## TASK TO CARRY OUT
Report each line of the records below that uses the word "Claro".

## SOURCE MATERIAL
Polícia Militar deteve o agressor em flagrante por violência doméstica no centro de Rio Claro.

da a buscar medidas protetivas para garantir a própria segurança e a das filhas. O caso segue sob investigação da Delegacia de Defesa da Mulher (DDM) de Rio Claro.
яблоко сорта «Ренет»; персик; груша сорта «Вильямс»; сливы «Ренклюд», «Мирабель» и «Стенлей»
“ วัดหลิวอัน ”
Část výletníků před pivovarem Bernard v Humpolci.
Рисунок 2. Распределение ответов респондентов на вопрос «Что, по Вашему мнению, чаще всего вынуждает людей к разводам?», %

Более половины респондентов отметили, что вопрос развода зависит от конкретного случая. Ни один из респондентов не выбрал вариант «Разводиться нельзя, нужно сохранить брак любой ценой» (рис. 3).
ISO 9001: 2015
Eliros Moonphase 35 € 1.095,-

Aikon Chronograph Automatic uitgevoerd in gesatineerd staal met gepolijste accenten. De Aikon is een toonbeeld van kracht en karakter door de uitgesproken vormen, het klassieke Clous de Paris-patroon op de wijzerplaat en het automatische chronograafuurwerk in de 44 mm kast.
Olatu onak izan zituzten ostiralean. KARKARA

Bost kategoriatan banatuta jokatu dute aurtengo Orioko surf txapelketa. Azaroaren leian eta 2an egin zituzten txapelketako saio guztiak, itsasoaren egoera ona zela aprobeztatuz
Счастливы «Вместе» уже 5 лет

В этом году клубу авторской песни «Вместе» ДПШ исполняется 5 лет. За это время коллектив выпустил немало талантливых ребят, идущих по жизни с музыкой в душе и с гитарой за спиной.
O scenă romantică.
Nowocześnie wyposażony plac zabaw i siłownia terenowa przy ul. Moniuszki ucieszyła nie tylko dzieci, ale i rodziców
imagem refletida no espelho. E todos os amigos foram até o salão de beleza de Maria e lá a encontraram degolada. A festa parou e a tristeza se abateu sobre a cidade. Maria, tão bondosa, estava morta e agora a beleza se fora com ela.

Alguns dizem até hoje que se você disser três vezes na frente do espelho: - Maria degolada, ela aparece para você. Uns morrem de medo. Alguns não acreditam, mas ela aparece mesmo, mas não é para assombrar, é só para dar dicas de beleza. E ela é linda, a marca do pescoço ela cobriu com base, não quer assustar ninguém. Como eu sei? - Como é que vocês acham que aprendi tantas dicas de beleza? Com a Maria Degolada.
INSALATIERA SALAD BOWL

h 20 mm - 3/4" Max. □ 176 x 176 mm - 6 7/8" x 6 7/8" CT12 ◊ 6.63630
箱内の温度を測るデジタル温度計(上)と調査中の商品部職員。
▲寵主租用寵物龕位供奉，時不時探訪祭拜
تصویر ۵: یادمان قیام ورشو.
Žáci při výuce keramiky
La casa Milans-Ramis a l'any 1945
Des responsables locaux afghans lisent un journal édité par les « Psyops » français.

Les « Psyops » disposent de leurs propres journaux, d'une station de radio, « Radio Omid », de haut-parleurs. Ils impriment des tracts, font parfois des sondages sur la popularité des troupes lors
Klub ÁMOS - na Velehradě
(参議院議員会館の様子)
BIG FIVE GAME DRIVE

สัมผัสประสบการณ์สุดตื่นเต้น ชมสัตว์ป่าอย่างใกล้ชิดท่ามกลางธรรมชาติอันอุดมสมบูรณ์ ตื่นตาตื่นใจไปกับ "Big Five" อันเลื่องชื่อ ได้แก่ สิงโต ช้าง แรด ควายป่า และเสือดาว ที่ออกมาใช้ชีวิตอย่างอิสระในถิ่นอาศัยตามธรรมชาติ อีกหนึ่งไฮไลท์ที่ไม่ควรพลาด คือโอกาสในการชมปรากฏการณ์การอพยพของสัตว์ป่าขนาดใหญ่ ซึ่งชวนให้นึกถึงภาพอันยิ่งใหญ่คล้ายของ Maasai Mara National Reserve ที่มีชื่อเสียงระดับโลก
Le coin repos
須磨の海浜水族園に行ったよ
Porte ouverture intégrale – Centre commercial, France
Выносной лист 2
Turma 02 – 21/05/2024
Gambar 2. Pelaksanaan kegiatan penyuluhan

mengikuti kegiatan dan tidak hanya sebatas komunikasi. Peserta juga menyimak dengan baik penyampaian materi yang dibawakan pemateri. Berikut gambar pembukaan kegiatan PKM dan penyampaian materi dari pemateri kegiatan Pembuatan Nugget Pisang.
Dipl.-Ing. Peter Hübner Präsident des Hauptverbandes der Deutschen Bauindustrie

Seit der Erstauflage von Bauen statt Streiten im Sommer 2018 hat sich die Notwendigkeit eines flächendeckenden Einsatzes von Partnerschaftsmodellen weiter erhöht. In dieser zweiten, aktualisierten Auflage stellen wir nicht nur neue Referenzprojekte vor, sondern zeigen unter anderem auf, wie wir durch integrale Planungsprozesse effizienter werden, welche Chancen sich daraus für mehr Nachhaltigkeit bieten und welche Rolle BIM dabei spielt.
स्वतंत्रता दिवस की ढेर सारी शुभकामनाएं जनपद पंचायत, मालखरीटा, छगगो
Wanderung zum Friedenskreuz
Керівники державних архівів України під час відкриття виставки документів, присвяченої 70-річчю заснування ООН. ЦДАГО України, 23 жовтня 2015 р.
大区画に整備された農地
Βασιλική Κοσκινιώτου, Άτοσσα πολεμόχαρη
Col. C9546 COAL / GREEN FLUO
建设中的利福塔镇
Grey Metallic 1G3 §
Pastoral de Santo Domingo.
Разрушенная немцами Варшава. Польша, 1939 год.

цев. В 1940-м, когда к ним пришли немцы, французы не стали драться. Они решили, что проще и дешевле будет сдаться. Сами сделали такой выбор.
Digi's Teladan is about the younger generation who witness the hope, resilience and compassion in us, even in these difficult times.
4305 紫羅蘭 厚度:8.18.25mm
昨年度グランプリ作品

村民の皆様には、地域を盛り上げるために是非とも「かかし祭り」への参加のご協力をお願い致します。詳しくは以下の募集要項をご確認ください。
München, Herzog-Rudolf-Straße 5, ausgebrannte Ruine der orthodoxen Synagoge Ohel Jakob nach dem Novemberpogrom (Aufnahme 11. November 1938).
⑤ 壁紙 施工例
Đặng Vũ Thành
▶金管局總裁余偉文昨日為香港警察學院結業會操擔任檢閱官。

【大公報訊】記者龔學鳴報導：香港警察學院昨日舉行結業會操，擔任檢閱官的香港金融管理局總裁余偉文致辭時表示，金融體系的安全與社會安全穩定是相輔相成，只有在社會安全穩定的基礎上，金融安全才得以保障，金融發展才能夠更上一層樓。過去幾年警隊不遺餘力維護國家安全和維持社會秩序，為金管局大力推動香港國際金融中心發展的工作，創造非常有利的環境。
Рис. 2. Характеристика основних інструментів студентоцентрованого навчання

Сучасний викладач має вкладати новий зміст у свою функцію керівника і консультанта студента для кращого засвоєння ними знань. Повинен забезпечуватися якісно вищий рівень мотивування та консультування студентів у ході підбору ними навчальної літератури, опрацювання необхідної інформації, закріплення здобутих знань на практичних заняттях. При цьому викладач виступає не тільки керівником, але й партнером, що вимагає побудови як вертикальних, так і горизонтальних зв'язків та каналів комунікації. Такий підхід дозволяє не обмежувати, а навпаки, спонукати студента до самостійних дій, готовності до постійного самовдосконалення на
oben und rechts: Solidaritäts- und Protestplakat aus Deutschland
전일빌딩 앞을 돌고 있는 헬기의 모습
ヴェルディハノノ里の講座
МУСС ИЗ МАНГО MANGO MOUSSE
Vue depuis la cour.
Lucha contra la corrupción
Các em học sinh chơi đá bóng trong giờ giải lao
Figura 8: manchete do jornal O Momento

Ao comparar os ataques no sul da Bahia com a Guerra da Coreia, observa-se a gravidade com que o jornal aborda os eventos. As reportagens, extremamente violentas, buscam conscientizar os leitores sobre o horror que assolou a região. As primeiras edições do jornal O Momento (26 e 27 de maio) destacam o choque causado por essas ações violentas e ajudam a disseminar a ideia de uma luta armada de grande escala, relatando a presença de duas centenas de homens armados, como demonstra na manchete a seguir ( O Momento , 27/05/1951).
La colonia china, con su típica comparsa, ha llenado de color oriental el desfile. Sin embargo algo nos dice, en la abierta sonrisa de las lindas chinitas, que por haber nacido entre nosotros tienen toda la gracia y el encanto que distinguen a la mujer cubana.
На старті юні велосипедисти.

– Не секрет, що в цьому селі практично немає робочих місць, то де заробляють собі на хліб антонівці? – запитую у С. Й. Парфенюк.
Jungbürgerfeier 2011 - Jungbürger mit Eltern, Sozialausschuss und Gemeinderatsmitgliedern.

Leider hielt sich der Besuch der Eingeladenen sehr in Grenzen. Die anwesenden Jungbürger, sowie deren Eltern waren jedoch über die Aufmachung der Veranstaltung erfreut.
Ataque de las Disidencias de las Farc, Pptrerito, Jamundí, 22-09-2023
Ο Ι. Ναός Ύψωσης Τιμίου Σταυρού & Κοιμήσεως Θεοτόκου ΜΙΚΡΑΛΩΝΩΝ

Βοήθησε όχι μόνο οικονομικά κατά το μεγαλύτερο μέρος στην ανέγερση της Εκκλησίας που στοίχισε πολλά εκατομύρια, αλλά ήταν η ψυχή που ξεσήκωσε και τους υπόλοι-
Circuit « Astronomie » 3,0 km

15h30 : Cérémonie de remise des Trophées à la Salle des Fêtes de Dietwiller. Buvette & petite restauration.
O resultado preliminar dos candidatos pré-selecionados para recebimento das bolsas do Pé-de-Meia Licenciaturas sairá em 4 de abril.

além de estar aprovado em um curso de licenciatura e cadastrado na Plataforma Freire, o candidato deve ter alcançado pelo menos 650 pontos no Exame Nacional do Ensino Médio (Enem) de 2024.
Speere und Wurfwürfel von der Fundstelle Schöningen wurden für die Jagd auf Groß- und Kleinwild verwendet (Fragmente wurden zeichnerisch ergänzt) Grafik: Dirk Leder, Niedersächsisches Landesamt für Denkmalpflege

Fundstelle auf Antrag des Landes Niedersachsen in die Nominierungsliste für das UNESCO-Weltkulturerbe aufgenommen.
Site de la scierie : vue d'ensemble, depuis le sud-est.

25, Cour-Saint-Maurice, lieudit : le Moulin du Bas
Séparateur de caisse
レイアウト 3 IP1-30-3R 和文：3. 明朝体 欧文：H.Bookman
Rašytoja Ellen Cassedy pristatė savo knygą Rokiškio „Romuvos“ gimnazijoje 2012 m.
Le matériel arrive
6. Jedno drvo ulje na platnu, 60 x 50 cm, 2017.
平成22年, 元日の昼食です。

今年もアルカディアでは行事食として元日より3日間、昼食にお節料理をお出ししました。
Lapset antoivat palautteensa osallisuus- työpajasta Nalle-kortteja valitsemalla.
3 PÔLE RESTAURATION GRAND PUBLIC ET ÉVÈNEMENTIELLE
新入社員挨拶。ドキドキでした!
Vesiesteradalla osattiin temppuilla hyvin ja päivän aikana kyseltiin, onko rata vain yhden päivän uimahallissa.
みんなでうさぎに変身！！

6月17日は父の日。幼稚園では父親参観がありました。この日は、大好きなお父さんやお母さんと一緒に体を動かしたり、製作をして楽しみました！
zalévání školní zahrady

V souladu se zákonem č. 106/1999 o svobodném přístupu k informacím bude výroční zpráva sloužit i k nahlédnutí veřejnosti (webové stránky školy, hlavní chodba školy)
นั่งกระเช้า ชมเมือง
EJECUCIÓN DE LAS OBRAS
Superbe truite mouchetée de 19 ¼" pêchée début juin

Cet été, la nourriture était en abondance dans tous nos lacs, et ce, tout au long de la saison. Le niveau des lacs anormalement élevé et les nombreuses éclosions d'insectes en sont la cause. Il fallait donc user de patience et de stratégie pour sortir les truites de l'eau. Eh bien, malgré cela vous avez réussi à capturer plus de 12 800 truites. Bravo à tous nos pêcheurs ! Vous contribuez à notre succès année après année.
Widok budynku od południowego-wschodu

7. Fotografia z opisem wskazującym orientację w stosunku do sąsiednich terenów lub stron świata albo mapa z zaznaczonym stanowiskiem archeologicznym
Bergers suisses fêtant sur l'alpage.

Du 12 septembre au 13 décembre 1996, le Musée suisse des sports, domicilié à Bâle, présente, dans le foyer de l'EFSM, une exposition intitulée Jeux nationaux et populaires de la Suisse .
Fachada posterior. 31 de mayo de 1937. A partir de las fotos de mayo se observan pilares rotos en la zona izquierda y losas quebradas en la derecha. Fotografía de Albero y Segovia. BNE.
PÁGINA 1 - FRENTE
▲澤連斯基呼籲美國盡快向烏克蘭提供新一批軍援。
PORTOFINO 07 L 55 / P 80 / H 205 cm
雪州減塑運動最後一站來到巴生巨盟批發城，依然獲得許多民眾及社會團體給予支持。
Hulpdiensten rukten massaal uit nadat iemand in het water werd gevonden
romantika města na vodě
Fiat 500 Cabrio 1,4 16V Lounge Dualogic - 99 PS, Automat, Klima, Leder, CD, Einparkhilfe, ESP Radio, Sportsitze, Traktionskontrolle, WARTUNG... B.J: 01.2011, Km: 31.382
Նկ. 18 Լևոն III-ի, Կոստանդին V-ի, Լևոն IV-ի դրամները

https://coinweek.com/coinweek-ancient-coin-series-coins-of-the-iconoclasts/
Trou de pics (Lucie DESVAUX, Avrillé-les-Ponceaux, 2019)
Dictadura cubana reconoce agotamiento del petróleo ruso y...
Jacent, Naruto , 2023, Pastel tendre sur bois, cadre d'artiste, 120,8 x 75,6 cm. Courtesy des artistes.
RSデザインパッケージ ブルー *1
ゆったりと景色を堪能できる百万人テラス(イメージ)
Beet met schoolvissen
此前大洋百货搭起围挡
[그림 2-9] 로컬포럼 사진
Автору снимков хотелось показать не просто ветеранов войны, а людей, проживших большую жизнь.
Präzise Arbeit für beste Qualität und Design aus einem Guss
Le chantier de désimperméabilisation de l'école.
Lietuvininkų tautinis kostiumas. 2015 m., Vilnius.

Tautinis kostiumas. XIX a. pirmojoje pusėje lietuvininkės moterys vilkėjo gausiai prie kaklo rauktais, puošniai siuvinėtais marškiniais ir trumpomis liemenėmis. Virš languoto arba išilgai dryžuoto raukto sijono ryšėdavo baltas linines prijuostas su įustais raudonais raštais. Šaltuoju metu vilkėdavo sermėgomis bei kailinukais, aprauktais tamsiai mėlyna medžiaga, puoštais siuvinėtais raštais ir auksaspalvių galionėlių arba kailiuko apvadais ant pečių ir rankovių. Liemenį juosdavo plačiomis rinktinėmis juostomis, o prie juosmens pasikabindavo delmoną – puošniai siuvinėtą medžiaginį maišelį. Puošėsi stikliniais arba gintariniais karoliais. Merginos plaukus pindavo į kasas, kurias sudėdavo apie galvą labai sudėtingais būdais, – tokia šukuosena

## ANSWER TO THE PROBLEM
Polícia Militar deteve o agressor em flagrante por violência doméstica no centro de Rio Claro.
da a buscar medidas protetivas para garantir a própria segurança e a das filhas. O caso segue sob investigação da Delegacia de Defesa da Mulher (DDM) de Rio Claro.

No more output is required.